→ Exercise details
Search the listing below for the word "خلال", and copy every line in which it turns up.

→ Given records

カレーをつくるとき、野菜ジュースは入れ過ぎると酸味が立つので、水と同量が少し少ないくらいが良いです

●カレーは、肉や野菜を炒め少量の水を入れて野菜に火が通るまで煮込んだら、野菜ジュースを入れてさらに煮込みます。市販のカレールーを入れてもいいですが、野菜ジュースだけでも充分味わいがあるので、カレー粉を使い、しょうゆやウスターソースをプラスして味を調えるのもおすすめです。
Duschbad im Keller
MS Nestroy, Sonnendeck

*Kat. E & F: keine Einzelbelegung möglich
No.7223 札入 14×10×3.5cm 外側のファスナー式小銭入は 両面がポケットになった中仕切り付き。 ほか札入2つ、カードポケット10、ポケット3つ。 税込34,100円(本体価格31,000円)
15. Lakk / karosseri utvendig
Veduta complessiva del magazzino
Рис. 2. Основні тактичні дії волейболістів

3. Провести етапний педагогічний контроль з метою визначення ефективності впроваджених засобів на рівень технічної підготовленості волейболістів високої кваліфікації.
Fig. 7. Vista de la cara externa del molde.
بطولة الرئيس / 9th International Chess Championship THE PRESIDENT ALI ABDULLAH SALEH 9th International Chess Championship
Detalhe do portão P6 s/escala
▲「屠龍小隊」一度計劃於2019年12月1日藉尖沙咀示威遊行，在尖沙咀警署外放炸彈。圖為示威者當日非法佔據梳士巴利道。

==

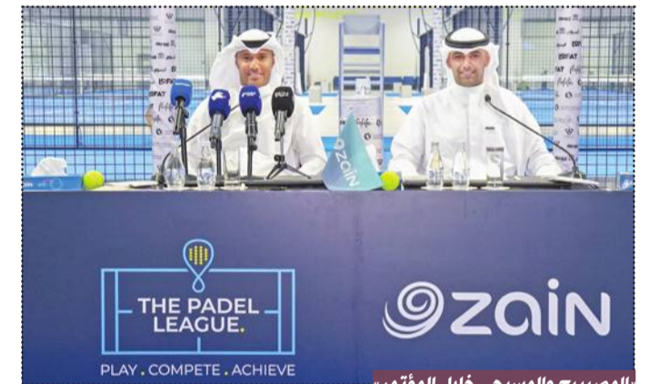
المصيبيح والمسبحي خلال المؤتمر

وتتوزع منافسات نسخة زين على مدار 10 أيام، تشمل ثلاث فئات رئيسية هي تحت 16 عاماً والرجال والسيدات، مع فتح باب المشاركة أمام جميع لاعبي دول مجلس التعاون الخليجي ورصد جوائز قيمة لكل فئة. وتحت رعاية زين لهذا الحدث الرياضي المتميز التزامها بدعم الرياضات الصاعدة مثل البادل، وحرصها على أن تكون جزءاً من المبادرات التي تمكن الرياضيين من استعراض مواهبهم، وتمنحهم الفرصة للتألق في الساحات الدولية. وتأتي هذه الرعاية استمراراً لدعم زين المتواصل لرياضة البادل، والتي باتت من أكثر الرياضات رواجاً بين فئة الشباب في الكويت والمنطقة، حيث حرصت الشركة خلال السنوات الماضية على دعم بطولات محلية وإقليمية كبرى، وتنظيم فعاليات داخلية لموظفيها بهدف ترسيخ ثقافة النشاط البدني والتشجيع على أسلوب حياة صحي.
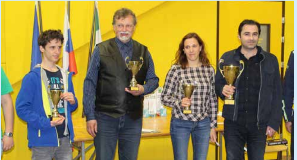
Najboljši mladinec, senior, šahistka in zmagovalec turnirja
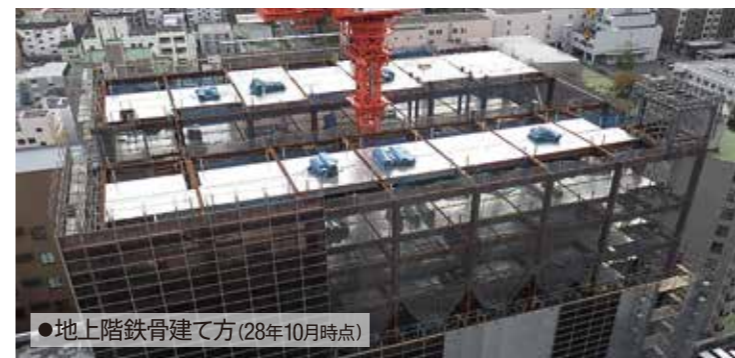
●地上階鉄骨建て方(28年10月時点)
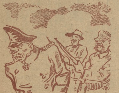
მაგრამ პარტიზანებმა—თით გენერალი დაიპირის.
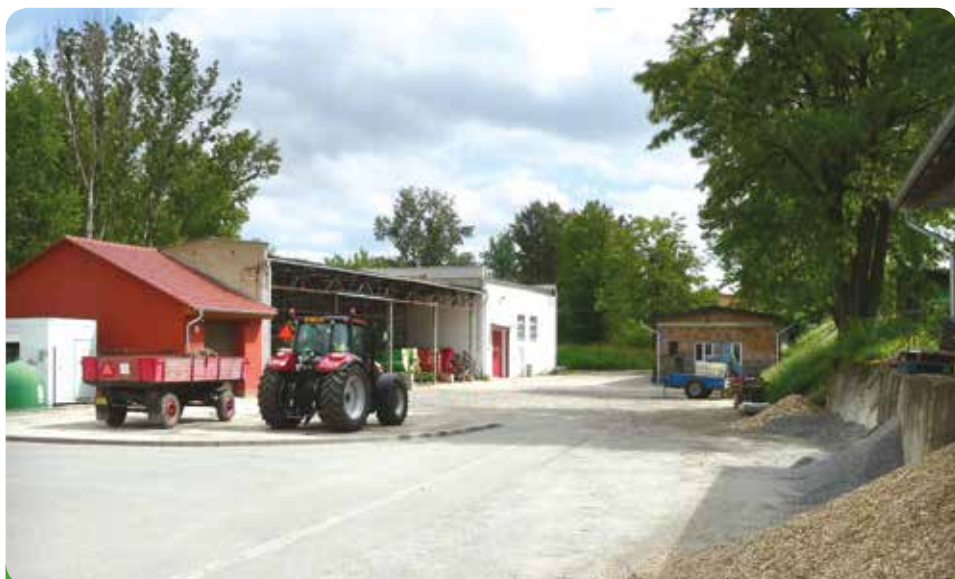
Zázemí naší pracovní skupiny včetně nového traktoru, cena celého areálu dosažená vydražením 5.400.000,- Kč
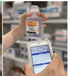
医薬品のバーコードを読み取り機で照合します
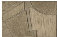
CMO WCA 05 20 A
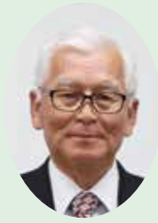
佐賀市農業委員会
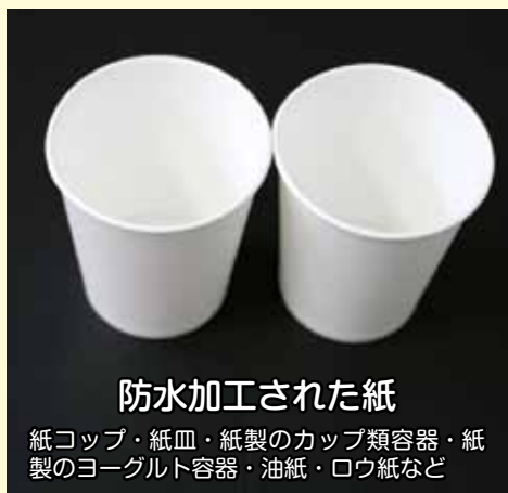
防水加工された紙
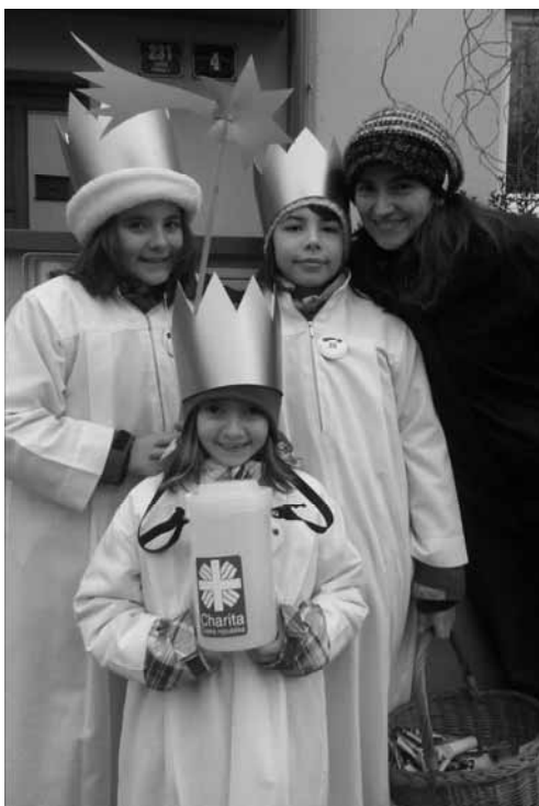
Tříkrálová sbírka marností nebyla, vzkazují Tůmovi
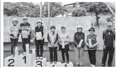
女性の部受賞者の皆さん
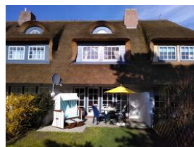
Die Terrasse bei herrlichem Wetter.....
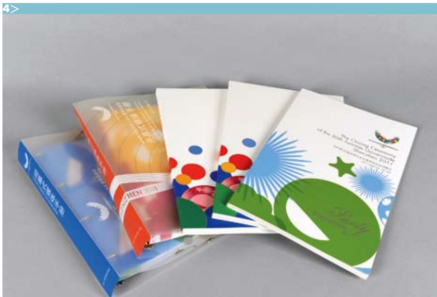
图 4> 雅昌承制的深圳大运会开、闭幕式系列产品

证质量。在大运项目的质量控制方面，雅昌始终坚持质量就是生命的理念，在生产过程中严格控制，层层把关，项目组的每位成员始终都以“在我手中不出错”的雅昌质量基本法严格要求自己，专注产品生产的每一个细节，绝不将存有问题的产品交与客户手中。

→ Reply to the task
المصيبيح والمسبحي خلال المؤتمر
وتتوزع منافسات نسخة زين على مدار 10 أيام، تشمل ثلاث فئات رئيسية هي تحت 16 عاماً والرجال والسيدات، مع فتح باب المشاركة أمام جميع لاعبي دول مجلس التعاون الخليجي ورصد جوائز قيمة لكل فئة. وتحت رعاية زين لهذا الحدث الرياضي المتميز التزامها بدعم الرياضات الصاعدة مثل البادل، وحرصها على أن تكون جزءاً من المبادرات التي تمكن الرياضيين من استعراض مواهبهم، وتمنحهم الفرصة للتألق في الساحات الدولية. وتأتي هذه الرعاية استمراراً لدعم زين المتواصل لرياضة البادل، والتي باتت من أكثر الرياضات رواجاً بين فئة الشباب في الكويت والمنطقة، حيث حرصت الشركة خلال السنوات الماضية على دعم بطولات محلية وإقليمية كبرى، وتنظيم فعاليات داخلية لموظفيها بهدف ترسيخ ثقافة النشاط البدني والتشجيع على أسلوب حياة صحي.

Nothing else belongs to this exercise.